The exciton binding energy (Eb) is a key parameter that governs the physics of many optoelectronic devices. At their best, trustworthy and precise measurements of Eb challenge theoreticians to refine models, are a driving force in advancing the understanding a material system, and lead to efficient device design. At their worst, inaccurate Eb measurements lead theoreticians astray, sew confusion within the research community, and hinder device improvements by leading to poor designs. This review article seeks to highlight the pros and cons of different measurement techniques used to determine Eb, namely, temperature-dependent photoluminescence, resolving Rydberg states, electroabsorption, magnetoabsorption, scanning tunneling spectroscopy, and fitting the optical absorption.

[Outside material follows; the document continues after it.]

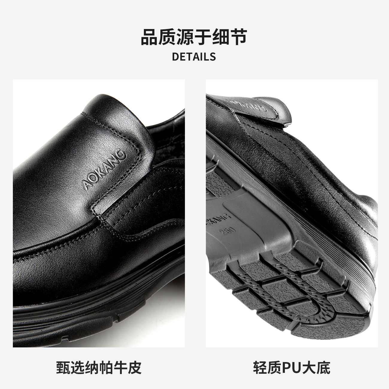 奥康男鞋冬季低帮加绒套脚皮鞋厚底防滑爸爸休闲鞋一脚蹬保暖棉鞋

Due to numerous conflicting Eb values reported for halide perovskites (HP) and transition metal dichalcogenides (TMDC) monolayers, an emphasis is placed on highlighting these measurements in attempt to reconcile the variance between different measurement techniques. By considering the published data en masse, we argue the experiments with the clearest indicators are in agreement on the following values: ~350 - 450 meV for TMDC monolayers between SiO2 and vacuum, ~150 - 200 meV for hBN-encapsulated TMDC monolayers, ~200 - 300 meV for common lead-iodide 2D HPs, and ~10 meV for methylammonium lead iodide.